Important Things To Understand About Economic Recession Statistics & Predictions
Numbers Play a Role
Numbers Play a Role
We all hear talk about the current recession, but too few have an in-depth understanding of economic recession statistics and indicators. While it might at first seem a bit intimidating to learn, these measures actually make it easier to understand how economic predictions are made. Keep reading and I'll explain some basics.
Understanding Statistics
The more I learn about economic recession statistics, the less faith I have in their degree of accuracy. They don't contain the depth of scientific precision many of us like to think they do. In fact, economic predictions are often grossly misrepresented. Despite the fact that they're undermined in importance or distorted, they still reveal great detail about the current economic recession.
Four Indicators
Facts about our current economic recession are supplied by the National Bureau of Economic Research (NBER). NBER compares these data with those six recessions that have occurred in the USA within the last forty years:
1. Income - Personal income including take-home pay and real expenditures decreased drastically and remain rather low. These numbers shrink because of factors as unemployment, insufficient employment and inflation, but are affected by consumer spending habits too.

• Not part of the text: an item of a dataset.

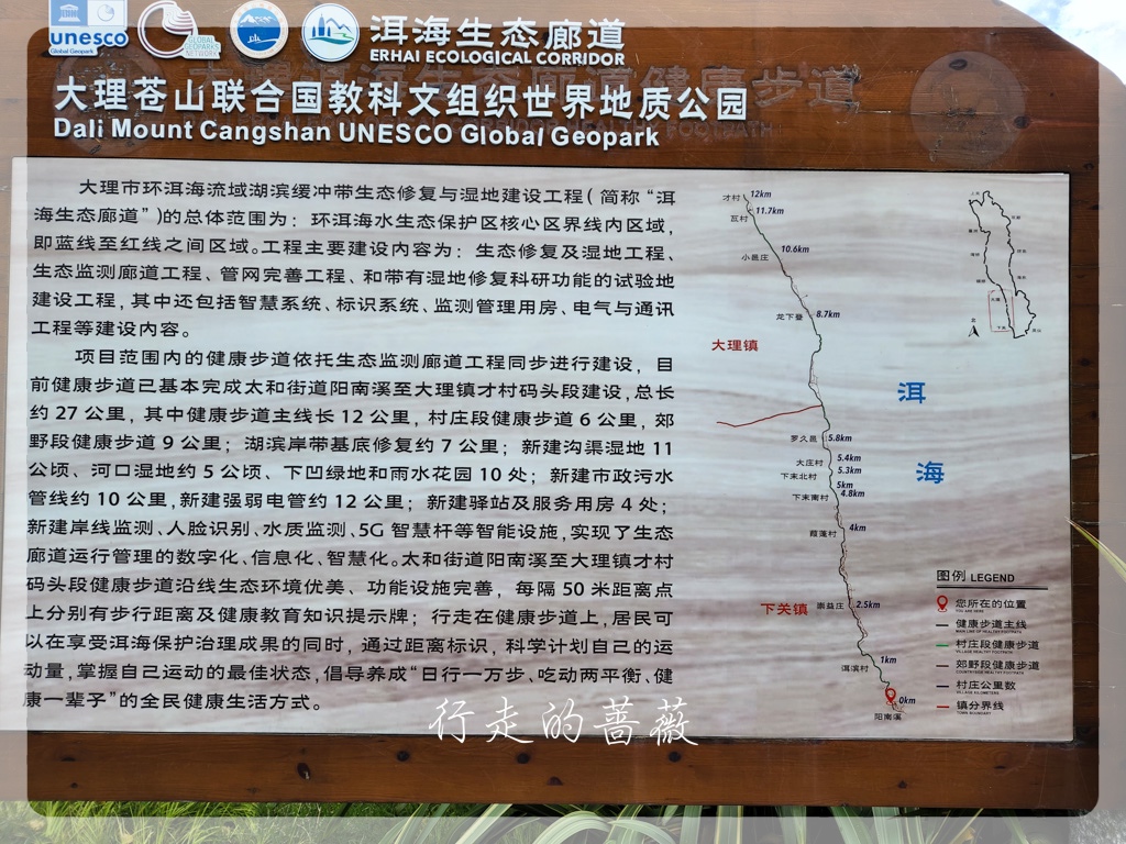 我们住的是才村码头,今天的计划是沿着洱海生态廊道往南边阳南溪方向进行环洱海骑行。这条沿洱海的路刚修好没几年,上次我来的时候还没有,近些年一直在整治洱海的周边,希望越来越好。因为不通车,所以非常适合骑行,如果不想骑行,也有电瓶车可以乘坐。

2. Industrial Production - Our current economic recession, according to the NBER, shows levels of industrial production even lower than in any other past recession. Unfortunately, they expect them to get even worse in a time span that is longer than just a few months.
3. Record Unemployment - The domino effect of record high unemployment is truly hurting our nation. With fewer people in the work force, a lower amount of income taxes are being received. National spending is increasing our deficit as we spend more on unemployment benefits. The rate of unemployment is higher in the current economic recession than in any other within the past 40 years.
4. Gross Domestic Product (GDP) - What is the difference between a recession and a depression? In a recession the GDP drops significantly over several months, but by less than ten percent. But during a depression, the GDP falls by more than ten percent. The GDP has been reported to drop to an all-time record low.
Educate Yourself
By educating yourself about economic recession statistics and indicators, you not only empower yourself, but are able to make better decisions as you protect yourself and loved ones. Without doing this, there is no way you can protect your financial stability. Although the Internet is a very powerful learning tool, don't believe everything you read. View information with a skeptical eye and never stop learning.